## Aim of the exercise
For this exercise, restate every line below word for word and drop the images.

Collection entries
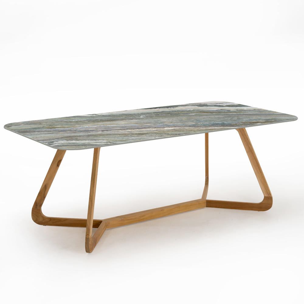Tavolo rettangolare da giardino in legno e ceramica Made in Italy
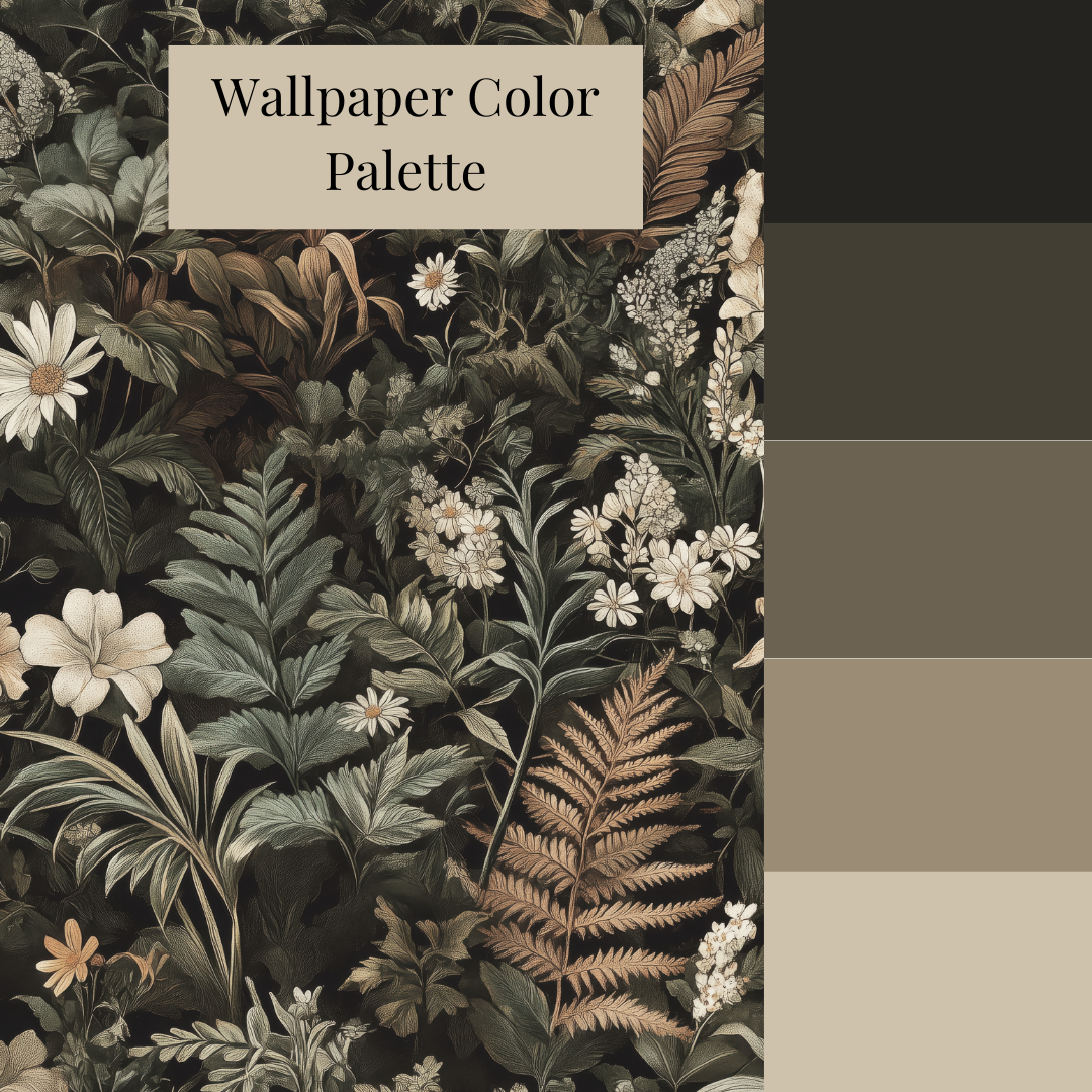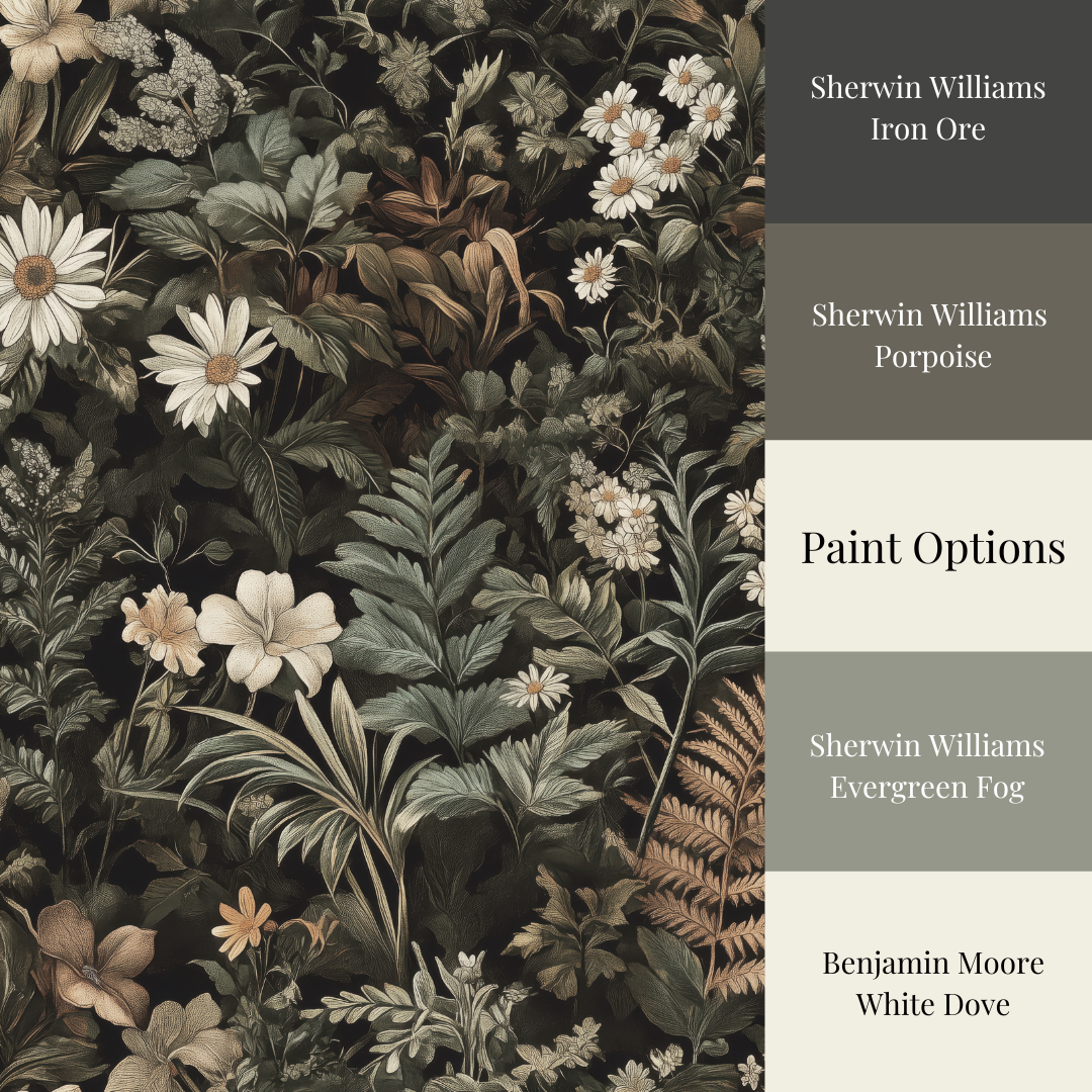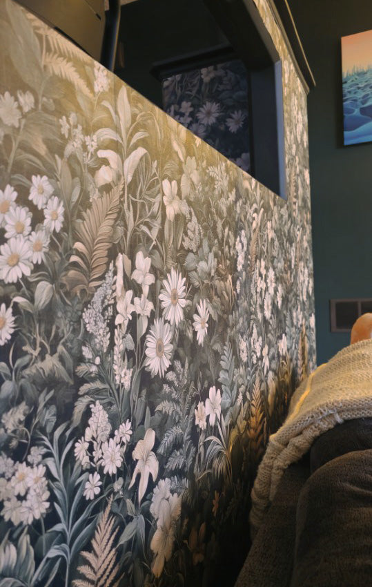 This design is a quiet rebellion—an untamed garden that grows in shadows and silence. With ivory blooms, golden ferns, and soft sage leaves layered over a deep charcoal base, it feels like something found between the pages of a long-lost botanical journal.
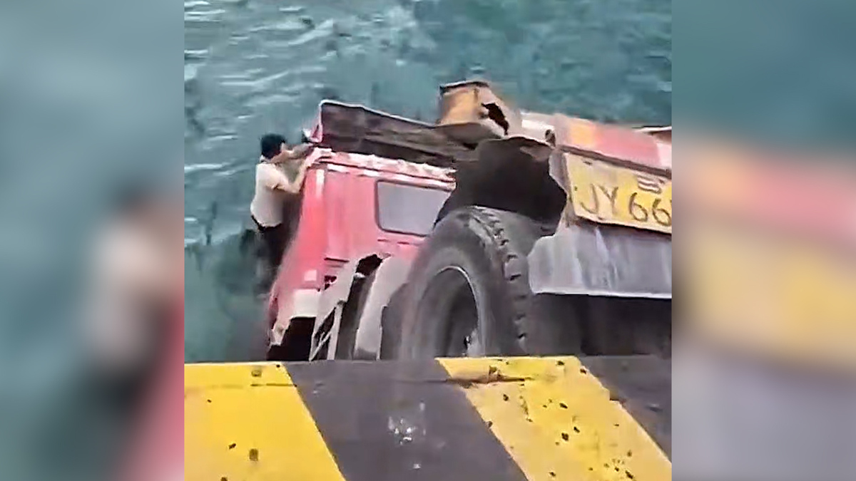 Tài xế may mắn thoát chết khi chiếc xe container rơi xuống biển tại Thâm Quyến, Trung Quốc.
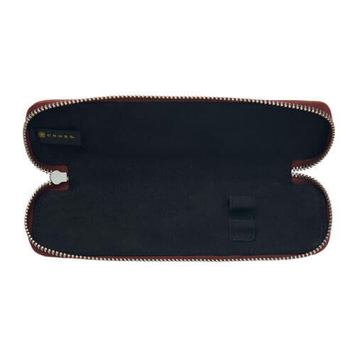 Double Pen Case with a zipper closure, soft black suede lining and two inner loops to secure the writing instruments.
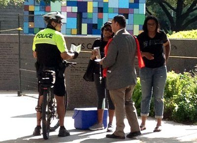 The two volunteers offered Saint Michael medals to the police since their role was to keep order. Whenever the medal was offered, the police took them, shook hands and showed themselves extremely grateful. One police officer said: âWell, I already have one on me, but I will take one for my friend, he needs one.â

## Written solution
Tavolo rettangolare da giardino in legno e ceramica Made in Italy
 This design is a quiet rebellion—an untamed garden that grows in shadows and silence. With ivory blooms, golden ferns, and soft sage leaves layered over a deep charcoal base, it feels like something found between the pages of a long-lost botanical journal.
 Tài xế may mắn thoát chết khi chiếc xe container rơi xuống biển tại Thâm Quyến, Trung Quốc.
 Double Pen Case with a zipper closure, soft black suede lining and two inner loops to secure the writing instruments.
 The two volunteers offered Saint Michael medals to the police since their role was to keep order. Whenever the medal was offered, the police took them, shook hands and showed themselves extremely grateful. One police officer said: âWell, I already have one on me, but I will take one for my friend, he needs one.â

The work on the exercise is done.